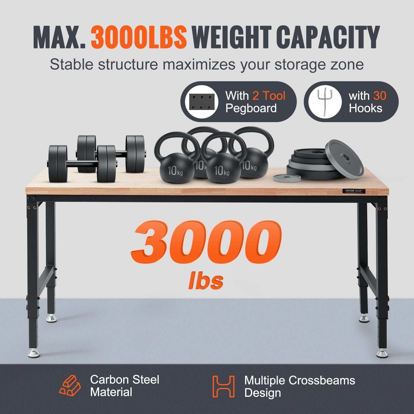 - Stabil struktur: Garagearbetsbänken är tillverkad av kraftigt kolstål med flera designade tvärstänger. Arbetsbänken är tillverkad av 1,2 tum (cirka 3 cm) tjockt gummiträ, vilket är hållbart och kraftigt.
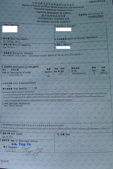 到了機場檢疫站~掛完號後~檢疫官就來做檢疫了~沒多久~台灣的輸出許可就拿到手啦~^^
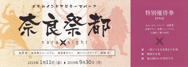 ミ・ナーラ(http://www.mina-ra.com/)内テーマパーク「奈良祭都」忍者タウン及び金魚ミュージアムの入場料を一律500円に割引
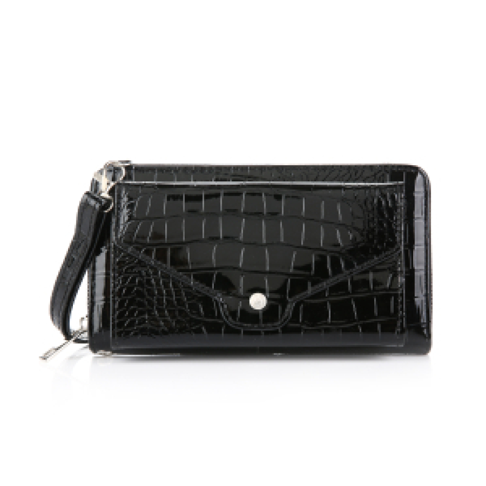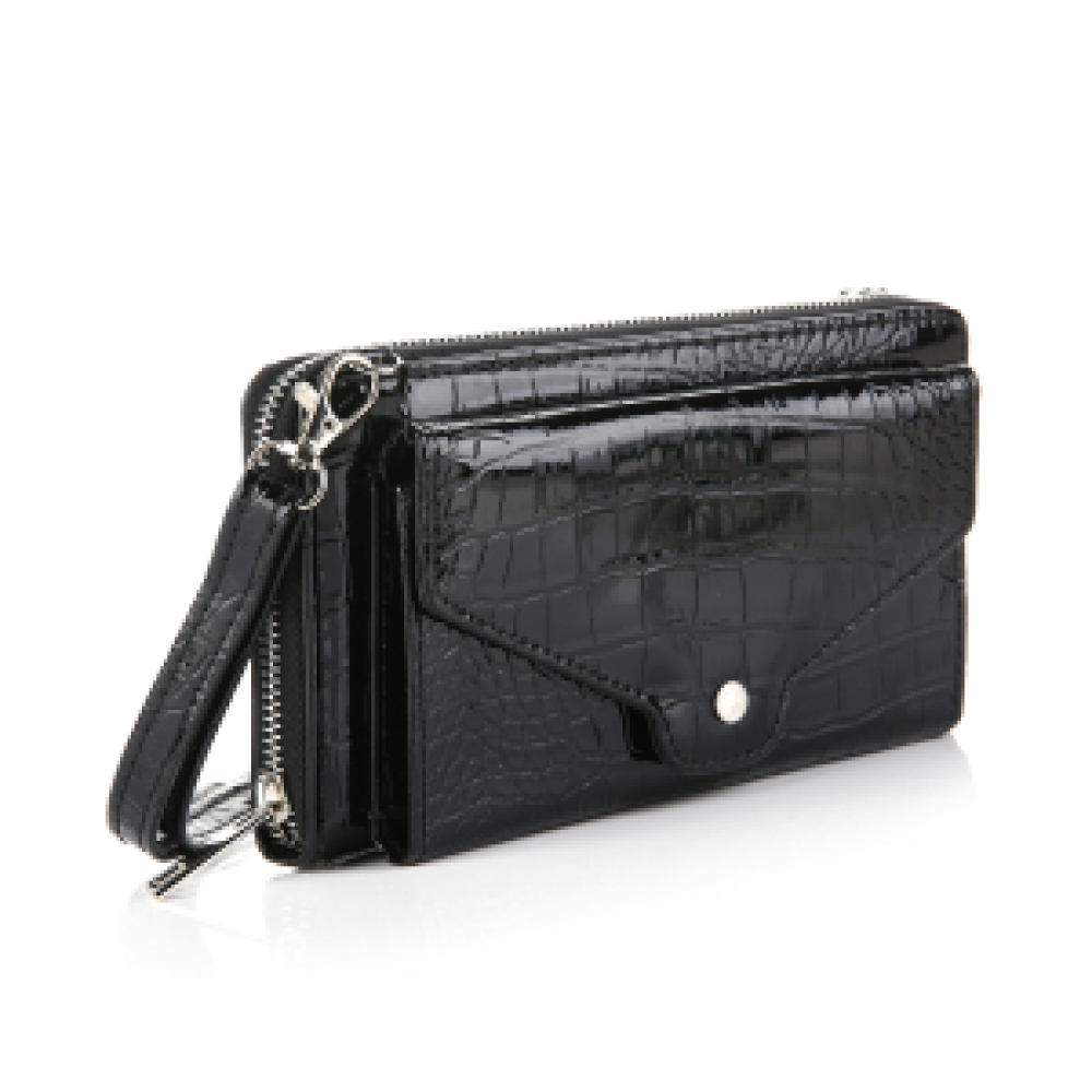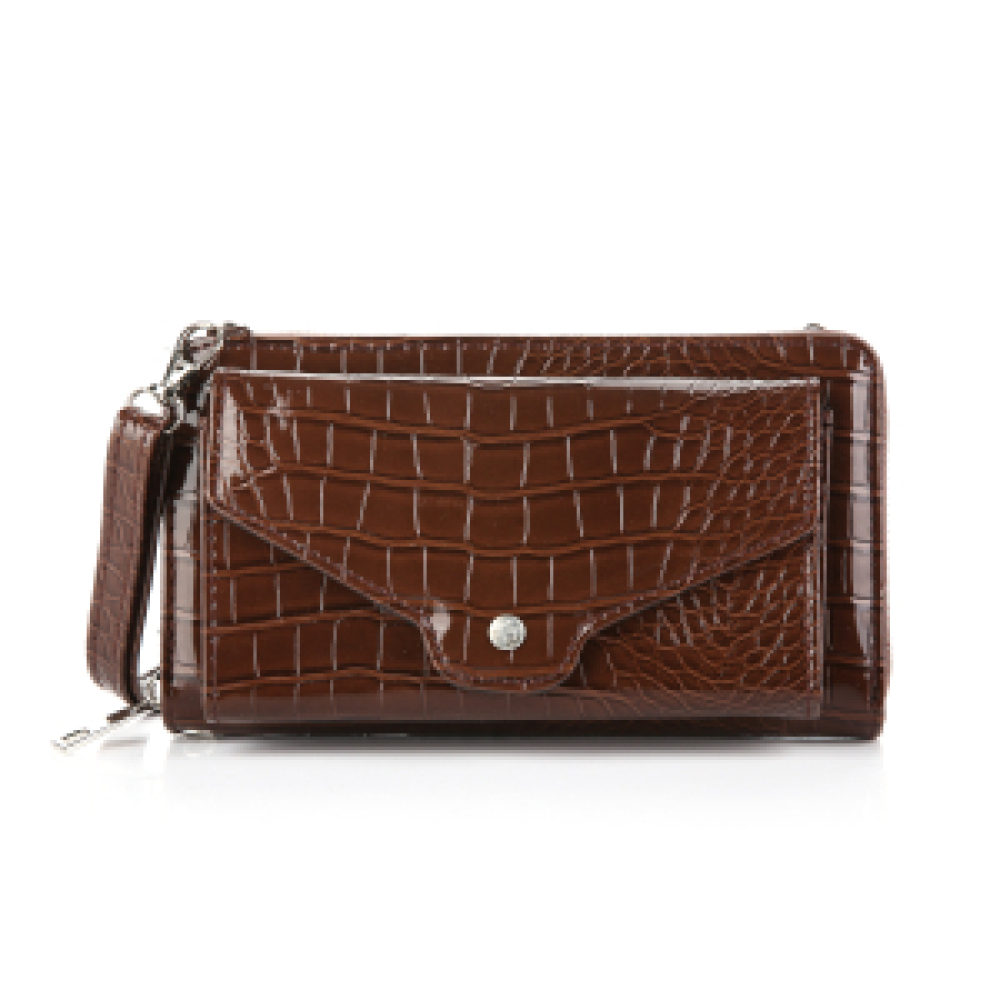 Mooie, grote portemonnee met vak aan de voorkant voor je telefoon. Voorzien van afneembare schouderband en polsbandje

# EXERCISE BRIEF:
Every line above should be output exactly, except for the pictures.

# ANSWER TO THIS TASK:
 - Stabil struktur: Garagearbetsbänken är tillverkad av kraftigt kolstål med flera designade tvärstänger. Arbetsbänken är tillverkad av 1,2 tum (cirka 3 cm) tjockt gummiträ, vilket är hållbart och kraftigt.
 到了機場檢疫站~掛完號後~檢疫官就來做檢疫了~沒多久~台灣的輸出許可就拿到手啦~^^
 ミ・ナーラ(http://www.mina-ra.com/)内テーマパーク「奈良祭都」忍者タウン及び金魚ミュージアムの入場料を一律500円に割引
 Mooie, grote portemonnee met vak aan de voorkant voor je telefoon. Voorzien van afneembare schouderband en polsbandje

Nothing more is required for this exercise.